Exploring some of the key factors involved in understanding demand fluctuations in the MaaS industry will enable participants to learn from each other and tackle some of the big challenges for transport businesses.

This is a topic I am passionate about because we work with some of the world’s leading rideshare companies, as well as a range of other mobility and transport providers.

Most companies prioritize placement over price wars

While ridesharing companies can and do focus extensively on price and driver incentives, placement is make-or-break for every business in this space.

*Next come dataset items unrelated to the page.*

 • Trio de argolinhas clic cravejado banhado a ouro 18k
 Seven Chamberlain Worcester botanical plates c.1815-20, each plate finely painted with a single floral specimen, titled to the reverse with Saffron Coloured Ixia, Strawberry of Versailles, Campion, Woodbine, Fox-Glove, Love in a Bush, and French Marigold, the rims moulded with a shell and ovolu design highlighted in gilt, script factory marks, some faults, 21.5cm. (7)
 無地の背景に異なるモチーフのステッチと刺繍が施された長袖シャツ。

Whatever you’re working with—cars, scooters, bikes, vans, boats, or something else—knowing where demand will hit ahead of time ensures you are in the best possible position to get maximum uptake and market share as well as improve labor efficiencies. For example, if you know when and where a concert is playing and how many people are expected, you can be ready to meet those looking to get home, rather than noticing a surge in demand that will be over by the time you have responded and got assets in the right place.

Smarter placement increases both ride numbers and profit-per-ride, and is a particularly pertinent issue for companies that are constrained by city or country regulations based on the volume of assets they can have at particular locations. If you can only have six bikes at each bike rack in an area that is about to experience peak demand, you’ll need a well-planned strategy for rapid replenishment.

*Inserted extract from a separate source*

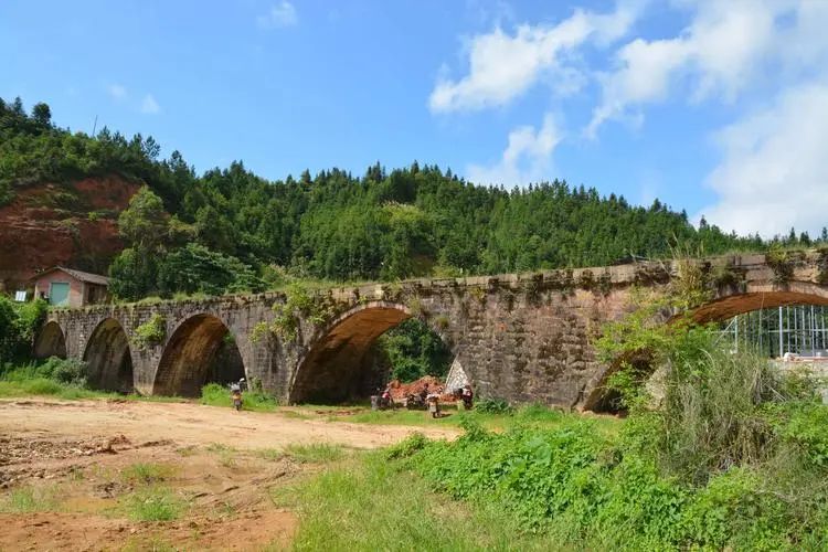 龙头石拱桥又名“安福桥”,是安远县古代通往赣州的主要桥梁之一,位于车头镇龙头村。始建于清朝康熙二十六年(1687),乾隆十六年,桥被洪水冲毁,乾隆四十九年,由邑人欧阳菊芳等18人捐银二千两重建。该桥为青条石叠砌而成,六墩五拱。桥全长52.80米、宽4.30米、高7.7米。

It is also hard to deviate from known hotspots of demand (such as outside of a popular sports venue or conference center); however, knowing how to predict where people will be and/or where they need to get to is key to optimization. With the changes to people movement, events and consumer behavior the COVID-19 pandemic has caused, understanding in advance what events will drive demand for your business has never been more important.

Being proactive about placement and predicting upcoming demand anomalies means you can ensure you have assets ready, before a location shows even a hint it’s about to become a hotspot. This is critical because there is no automated way to shift your assets. By the time you are aware a demand spike is occurring, chances are it’s too late to capture a sizable portion of it.

We need to consider mobility’s demand elasticity when identifying anomalies

MaaS companies have the potential to address many use cases. But, this also leads to a range of different competitive situations, which each need to be understood to be best optimized.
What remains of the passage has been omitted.